Five things Cleveland Browns need to improve for Week Two

CLEVELAND -- The 2016 regular season got off to an all-too-familiar start for the Cleveland Browns on Sunday.

Even with Hue Jackson now at the helm of the coaching staff and Robert Griffin III entrenched as the 25th starting quarterback in the expansion era, Cleveland suffered a 29-10 loss to the Philadelphia Eagles at Lincoln Financial Field, their 17th season-opening loss since returning to the National Football League in 1999.


Here are five things the Browns need to improve heading into their home opener against the Baltimore Ravens at FirstEnergy Stadium in Cleveland Sunday.


The Browns did not convert a first down until the second quarter against the Eagles and struggled to move the chains for the better part of the game.

The Browns converted just 14 first downs, including seven passing and six rushing, but went just two for 10 (20 percent) on third down. Also, the Browns went 0 for 2 on fourth-down attempts, including an ill-advised fake punt deep in their own territory that resulted in a six-yard loss.

With the lack of conversions, the Browns managed just 288 yards of total offense. On Sunday, eight quarterbacks across the league threw for more yards than the Browns gained in total offense against the Eagles.

Despite having an offense in a constant state of flux with ineffective play and off-the-field questions about a former quarterback, the 2015 Browns converted 41.9 percent of their third-down attempts.


Griffin showed signs in the preseason that he was fully recovered from injuries which plagued him in Washington and had moved onto better things after being benched for the entire 2015 regular season. But the first game of 2016 was not a good one for Griffin.

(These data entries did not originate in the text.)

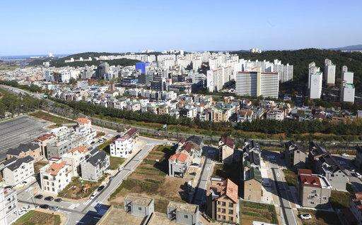 FILE - This Oct. 30, 2017, file photo shows overview of the Gangneung City, South Korea. The Winter Olympics are actually being held in three areas: Pyeongchang, known for mountains and winter sports; Jeongseon, a blue-collar former mining region; and Gangneung, the biggest of the three Olympic towns by far and a bustling port and vacation area along the Sea of Japan, known here as the East Sea.(AP Photo/Ahn Young-joon, File)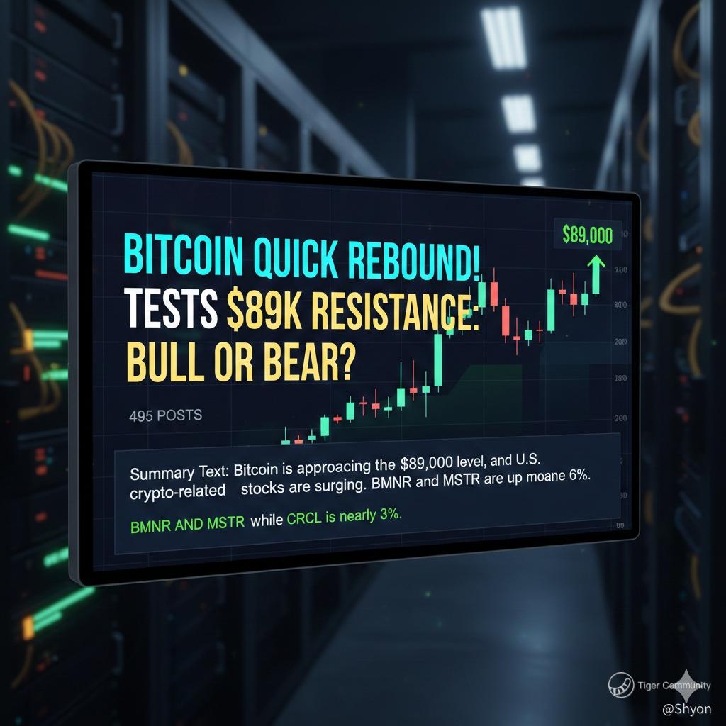 Bitcoin's quick rebound toward the $89K resistance definitely caught my attention. After the recent volatility, seeing BTC push back to this level shows that buyers are still very active, and sentiment hasn't been completely shaken. For me, the key question now is whether this bounce is driven by genuine accumulation or just short-term positioning before the next big move.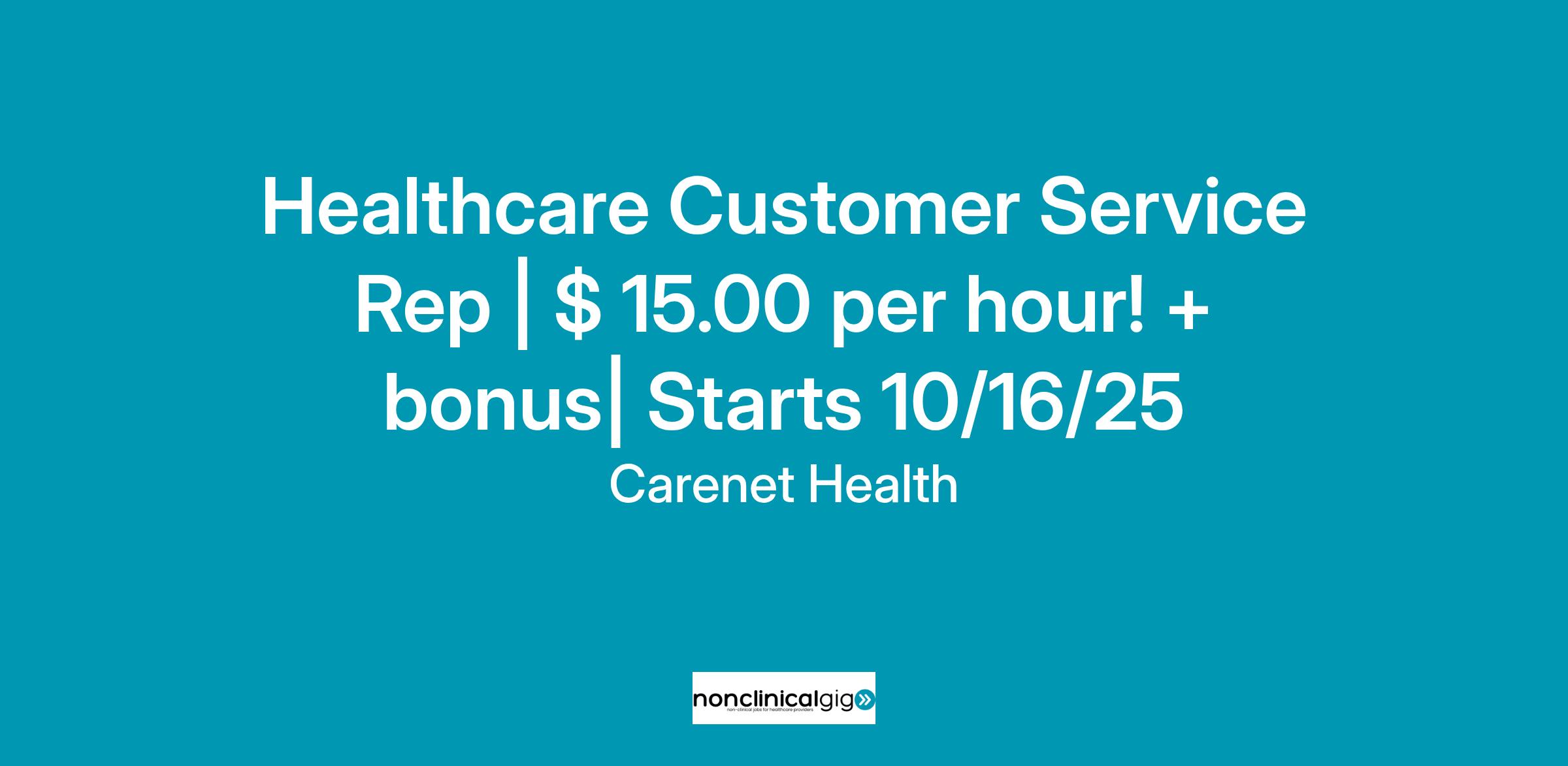 At Carenet Health, we value the expertise and dedication of our team members, and we are committed to offering an appealing compensation package. The wage for the Healthcare Customer Service Rep is $15.00 per hour.

Griffin completed just 12 of his 26 throws for 190 yards with no touchdowns and one interception, and was the Browns’ second-leading rusher with 37 yards on five scrambles outside of the pocket. However, his final run of the game proved to be a costly one.

Running toward the sideline late in the loss, Griffin was pushed from behind into another Eagles defender, who hit the quarterback in the upper torso. Griffin was evaluated on the sideline and finished the game, but is scheduled to undergo further testing today on an injured left shoulder.

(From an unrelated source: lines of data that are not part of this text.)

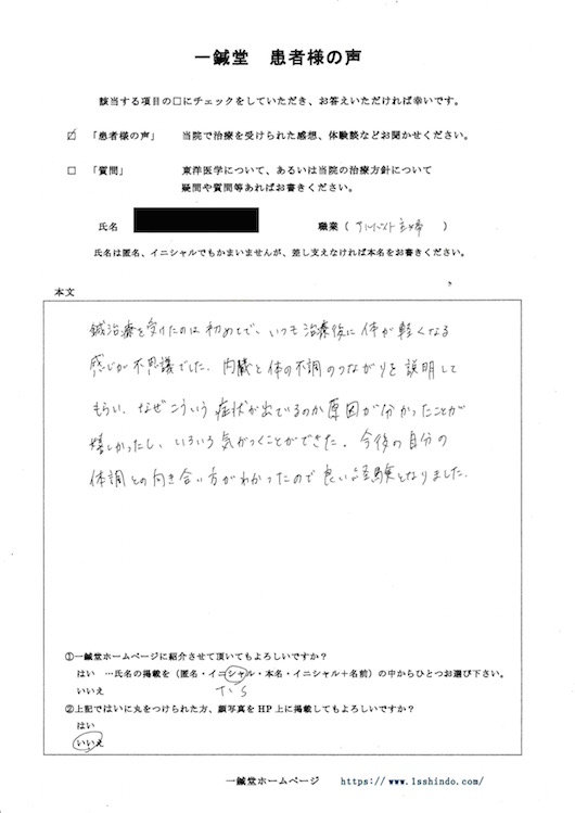 ------------------------------------------- 【体験談】 鍼治療を受けたのは初めてで、いつも治療後に体が軽くなる感じが不思議でした。内臓と体の不調のつながりを説明してもらい、なぜこういう症状が出ているのか分かったことが嬉しかったし、いろいろ気づくことができた。 今後の自分の体調との向き合い方が分かったので良い経験となりました。 (本文ママ。) --------------------------------------------------
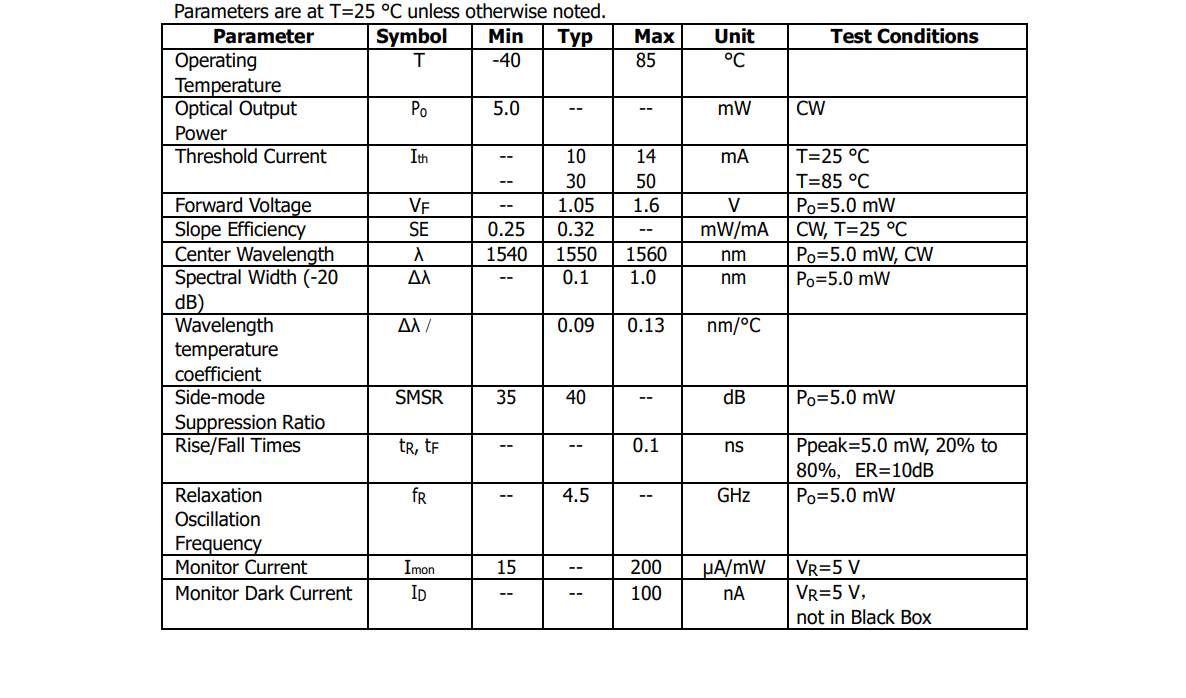 The DFB-1550-T5-6-2.5-W-A-A of Multi-Quantum Well (MQW) Distributed Feedback (DFB) lasers are well suited for low-cost high-speed transmitters.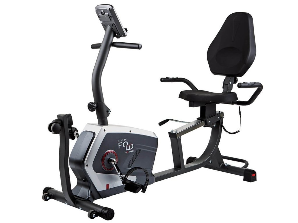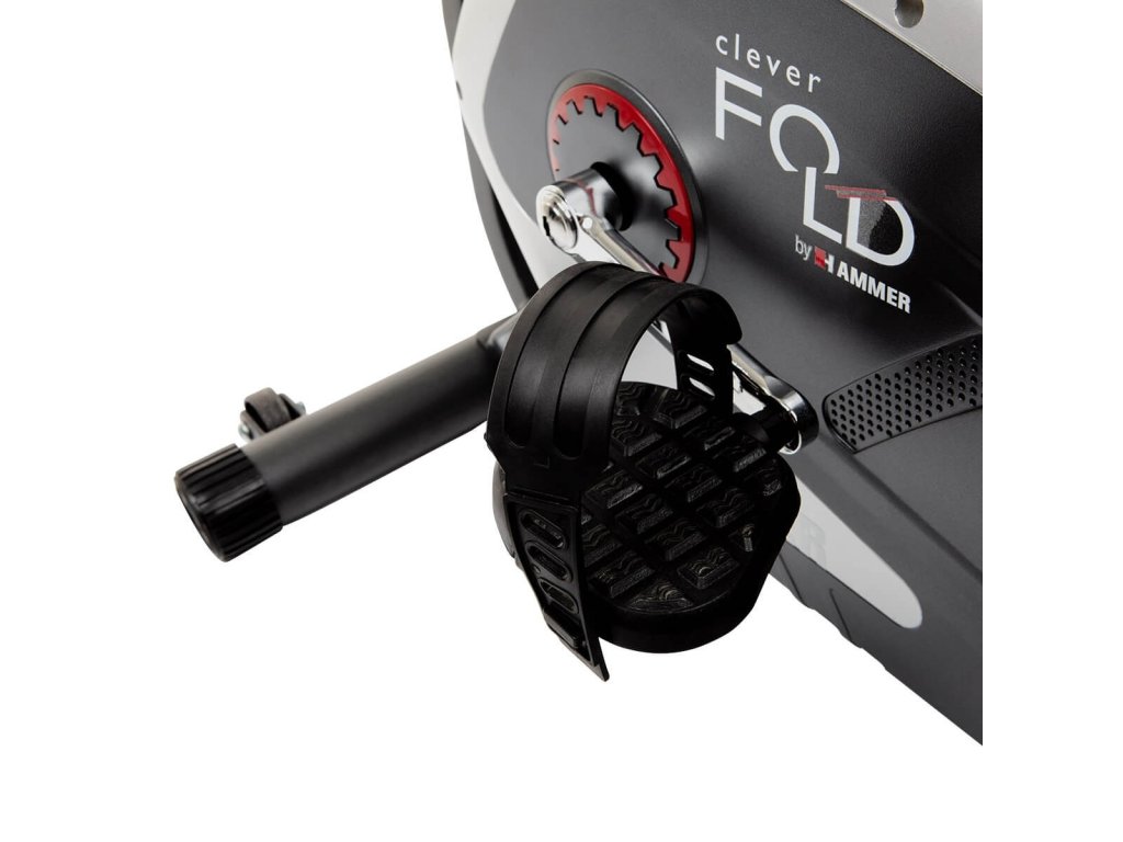 Hammer Clever Fold RC5 je horizontální skládací rotoped neboli recumbent určený především pro rehabilitaci a osoby se sníženou hybností. Díky ergonomicky tvarovanému sedadlu a výškově nastavitelnému opěradlu je trenažér šetrný k vašim zádům. Sedadlo lze pomocí páky snadno a rychle polohovat (vhodné pro menší i větší osoby). Při konstrukci stroje bylo dbáno na kvalitní mechaniku a optimální ergonomii pohybu, a to pro drobnější postavy od 155 cm i vyšší osoby až do 190 cm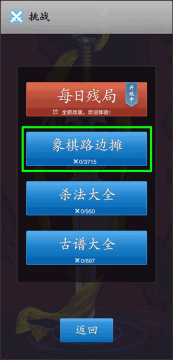 2、在挑战界面选择并点击“象棋路边摊”的按钮选项,进入残局挑战界面;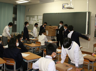 | 講堂での説明は校長先生がしてくれました。 | 教室で一人ひとりにタブレットを配付しました。 |

Despite trading away three-time Pro Bowler Andy Lee to the Carolina Panthers prior to the fourth preseason game, the Browns found another top-level kicker in Britton Colquitt, whom they signed as a free agent after his release from the NFL champion Denver Broncos.

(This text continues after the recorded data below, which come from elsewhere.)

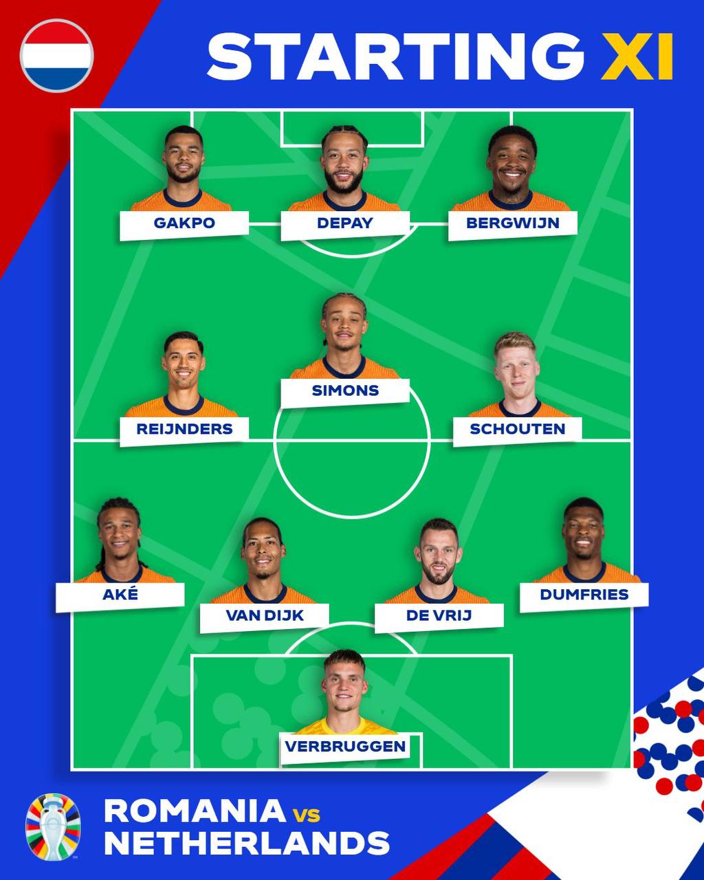 ترکیب تیم ملی هلند مقابل رومانی برای بازی امشب 12 تیر 1403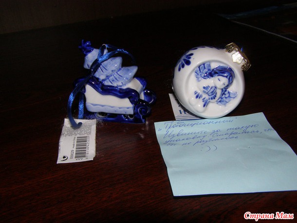 пятый этап- традиционный две статуэтоки-подвески гжель (в шарик с ангелочком я просто влюбилась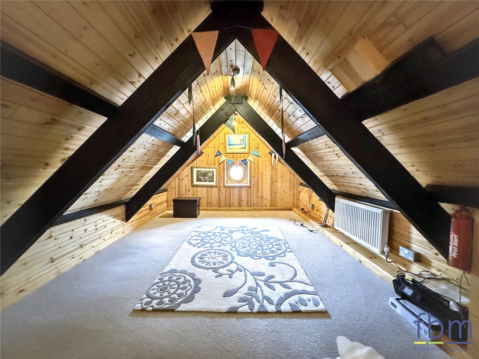 Carpeted loft room with a porthole window and a radiator.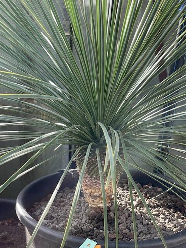 Deze aantrekkelijke yucca is afkomstig uit Noord-Mexico. Deze yucca vormt stammen van 2 tot 3 meter hoog. Zijn bolvormige kruin wordt gevormd door honderden smalle flexibele blauwgroene bladeren. De onderste afgestorven bladeren vormen een rok rondom de stam.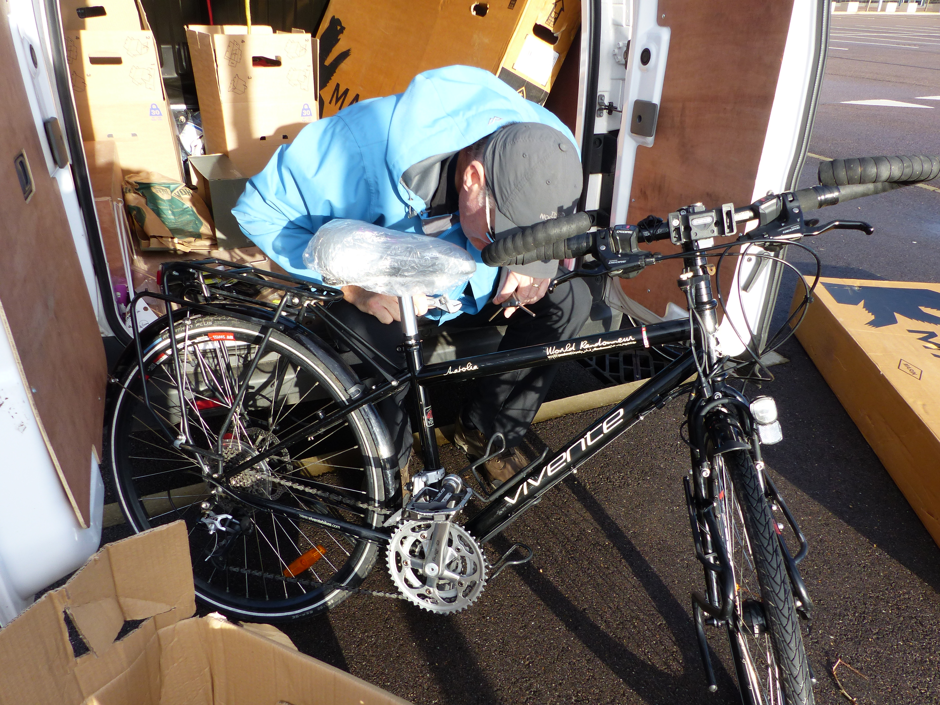 Steve armed himself with alan keys and bike tools and set about removing wheels and other parts. The removal of the pedals on his bike took some work and resulted in some grunts and growls and terse words. In the end it took him holding the alan key while I stood on it, to get the reluctant screw to turn and get the darn pedal off. Eventually, the bikes were robbed of the necessary parts to get them to fit into the boxes.

Colquitt had a good day against the Eagles, averaging 50.2 yards over five kicks, but the coverage was lacking for the Browns, as they allowed 59 yards on four returns, including a 40-yarder from running back Darren Sproles in the first half.


Although defending against a rookie quarterback who was playing for a first-year head coach, the Eagles marched right down the field on their first drive of the 2016 season and took a 7-0 lead over the Browns with 9:50 to play in the first quarter.

On that first possession, first-year signal-caller Carson Wentz completed four of his five passes for 57 yards with one touchdown, a 19-yard over-the-shoulder throw to wide receiver Jordan Matthews along the left sideline in the end zone.

Matthews got behind the coverage of cornerback Tramon Williams and hauled in the scoring pass.

Wentz completed 22 of his 37 attempts for 278 yards and two touchdowns, the latter of which came against the Browns’ top cornerback, Joe Haden.


Teams can score even when they do not have the football, but possession sure makes things easier.

With the Browns able to convert just two of their 10 third-down attempts, they totaled just 288 yards and punted five times. That led to a nearly two-to-one deficit in time of possession. The Browns possessed the ball for just 20:40, while the Eagles maintained control for 39:40.